▶ _What you should do_:
In the entries below, find the line with "尤文图斯的强劲表现与冠军之路 在意甲联赛..." and the line with "Потолочная поверхность в"; copy them and every line between them exactly, but not the pictures.

▶ _Supplied records_:
*****
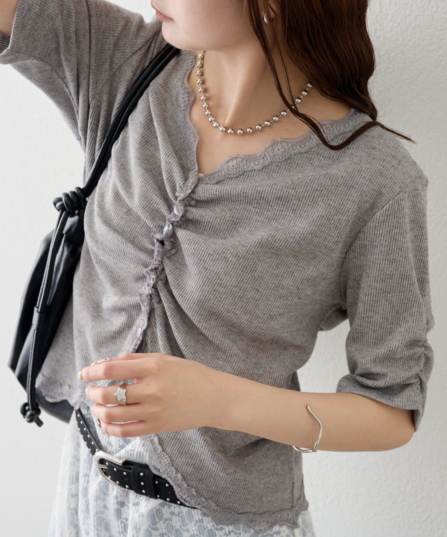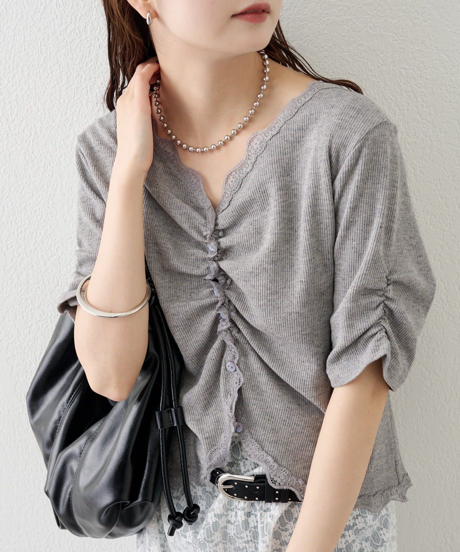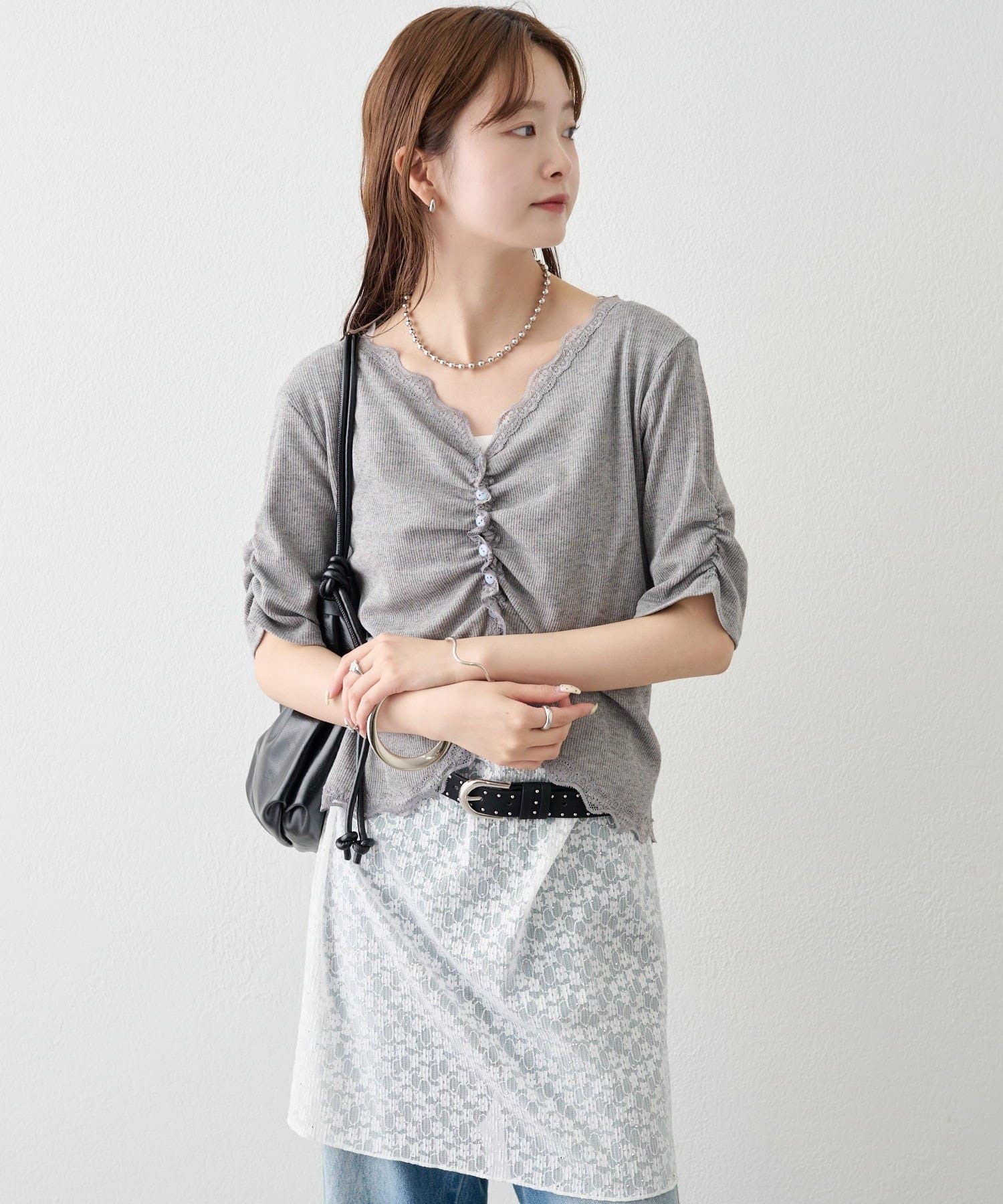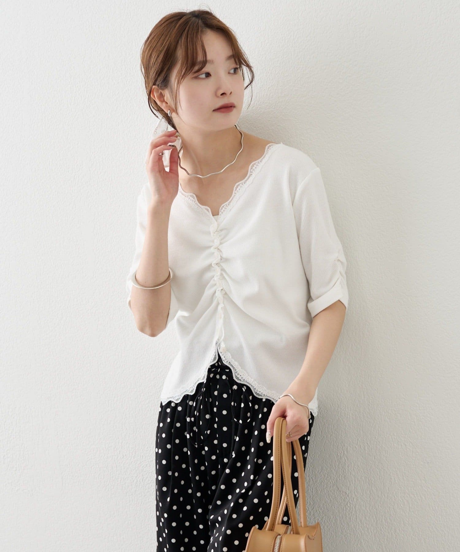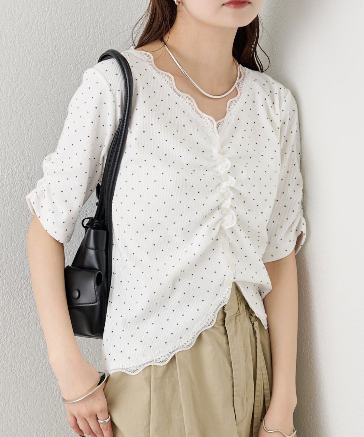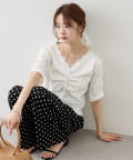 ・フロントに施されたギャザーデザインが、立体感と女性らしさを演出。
*****
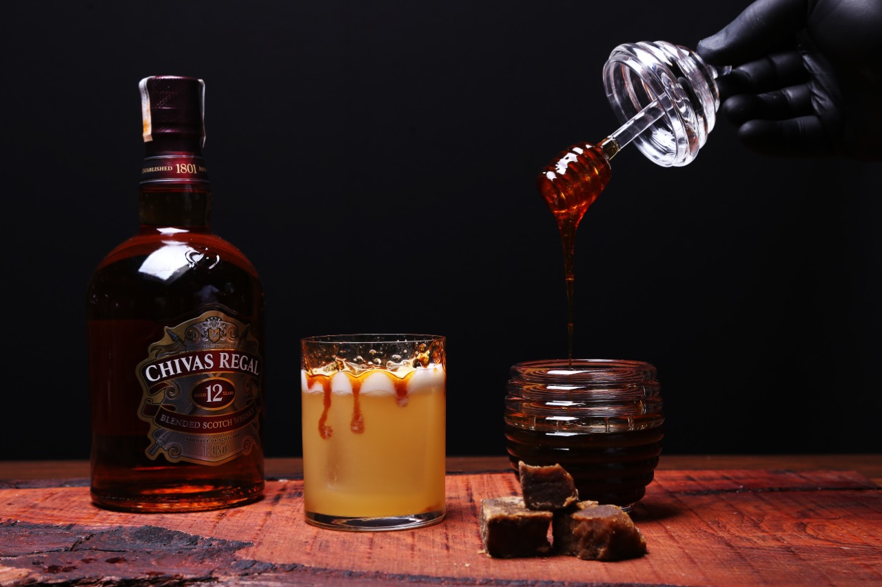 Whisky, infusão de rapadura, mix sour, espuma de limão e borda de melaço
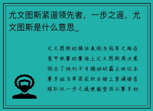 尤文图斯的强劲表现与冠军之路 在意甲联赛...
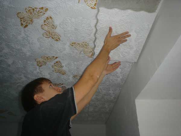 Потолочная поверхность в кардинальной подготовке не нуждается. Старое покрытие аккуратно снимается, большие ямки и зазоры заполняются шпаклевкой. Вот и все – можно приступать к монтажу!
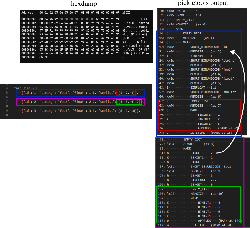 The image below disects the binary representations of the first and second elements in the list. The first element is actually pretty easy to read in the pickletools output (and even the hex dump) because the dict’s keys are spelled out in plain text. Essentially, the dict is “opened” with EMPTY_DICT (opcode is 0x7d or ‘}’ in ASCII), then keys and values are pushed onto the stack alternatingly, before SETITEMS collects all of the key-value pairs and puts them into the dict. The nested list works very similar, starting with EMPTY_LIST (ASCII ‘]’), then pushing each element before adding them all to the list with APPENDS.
*****
▶ _Result of this exercise_:
 尤文图斯的强劲表现与冠军之路 在意甲联赛...
 Потолочная поверхность в кардинальной подготовке не нуждается. Старое покрытие аккуратно снимается, большие ямки и зазоры заполняются шпаклевкой. Вот и все – можно приступать к монтажу!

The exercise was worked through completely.